Ладно. Тут пока тупик. Теперь сроки: старый барон Ятер отсутствовал… сколько? Год и восемь месяцев. Ювелирша? Неделю. Торговец? Шестьдесят восемь дней. Впечатляющий разброс. Если бы тяжесть потери зависела бы от срока, проведенного в неведомом месте – барон бы занимал первое место, каковое он, бедняга, и занимает. Дальше шел бы торговец, потом ювелирша, как наименее пострадавшая…

Но вот как сравнить тяжесть потери торговца и ювелирши? Бедная женщина потеряла, видите ли, вкус. У старикашки могло и не быть никакого вкуса, а мог и быть, все равно его потерю никто бы не заметил…

Хорошо. Учтем, оставим на потом.

Дальше. Когда пропал барон? Год и восемь с половиной месяцев назад. Ювелирша? Девять недель назад… то есть два месяца. Торговец? Четыре месяца назад. Что нам дает это знание? Пока ничего, но запомним.

«Дорогой Ил! Во имя нашей дружбы я согласен пойти на неслыханный риск, труды и потери, и разыскать злодея, повинного в трагической гибели вашего батюшки… Негодяй будет покаран! Это говорю я, Хорт зи Табор».

Я примотал послание к лапе голубя, заговорил его от хищной птицы и пустил в небо. Потрясенный голубь сперва заметался между флюгерами, и потом только, ведомый моей волей, уверенно пустился в дорогу. Я провожал его взглядом, сидя на подоконнике.

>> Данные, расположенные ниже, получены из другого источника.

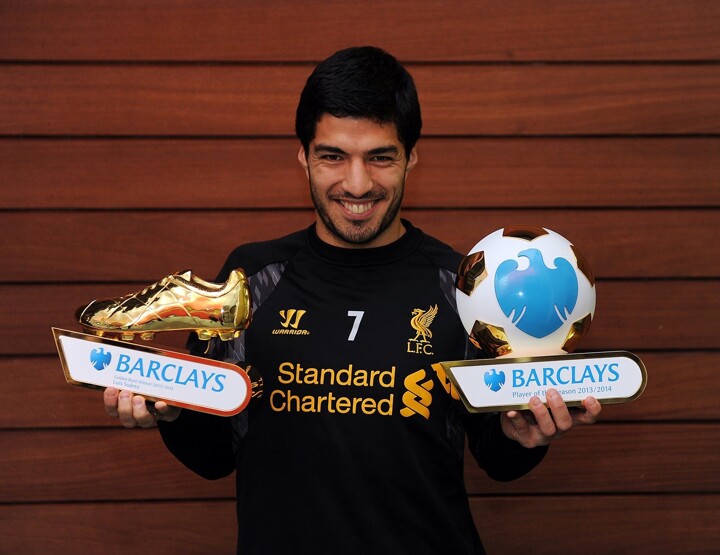 In January 2011, Suarez transferred to Liverpool and won the League Cup in his first full season. In 2014, he was named the PFA Players' Player of the Year and the FWA Footballer of the Year as well as winning the Premier League Golden Boot, and sharing the European Golden Shoe with Cristiano Ronaldo before moving to Barcelona in a transfer worth €82.3 million, making him one of the most expensive players in football history.

…Обстоятельства исчезновения. Старый барон Ятер влюбился в молодую авантюристку, она потащила его в путешествие и… ага. А торговец неожиданно для себя и окружающих подружился с молодым почтительным… который стал ему любезнее сына. И этот дружок тоже потащил его в дорогу – заключать выгодную сделку. Опять сходство… И опять выпадает ювелирша. Та никуда не ездила, просто пошла за покупками… С кем? С закадычной подругой. Как ее, Тисса Граб, которая после происшествия с ювелиршей пропала, будто не бывало…

И снова я ощутил, как поднимается изнутри теплая игольчатая волна. Как невидимые острия покалывают подушечки пальцев.

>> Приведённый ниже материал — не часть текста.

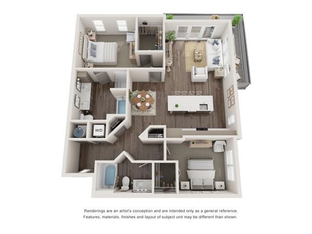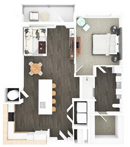 1 Dormitorio, 1 Baño, 757 pies²Disponible AhoraGalería del Modelo

Что-то важное. Не упустить.

* * *

ВОПРОС: Назовите известные вам магические объекты и независимые магические предметы.

ОТВЕТ: Большая Ложка, Быстрые Ботинки, Добрая Ель, Дом Одежды, Дуб-с-Глазами, Жестокая Скрипка, Лживое Зеркало, Приватная Банка, сабая, Свежий Источник, Сетевой Чернорот, Чудо-из-Недр.

ВОПРОС: Какое значение в жизни мага имеет символическая птица?

ОТВЕТ: Посвященная сова является символом принадлежности к магическому сообществу, предметом клятв и проклятий, а в некотором случае и обетов. Наиболее серьезным является обет посовничества, когда два мага, обладающие одной и той же совой, соединяются узами куда более властными, нежели даже родственная связь. Сила этих магов, объединившись, возрастает многократно, зато каждый из них становится зависим от своего посовника. Именно это последнее обстоятельство обусловило относительную редкость таких обетов.

ВОПРОС: Какова средняя продолжительность жизни назначенного мага?

ОТВЕТ: Шестьдесят лет для магов четвертой степени, семьдесят – третьей, восемьдесят – второй, сто – для магов первой степени. Существует мнение, что назначенный маг, достигший уровня внестепенного, получает возможность жить вечно. Так называемые «ископаемые маги» – по преданию, маги из прошлого, по природе своей назначенные, однако обретшие исключительную силу благодаря множеству прожитых веков…

ИТОГ: Теоретическая часть испытания пройдена претендентом не без огрехов ( к каковым относится упоминание досужих домыслов), однако в целом удовлетворительно. Предлагаю перейти к практическим испытаниям.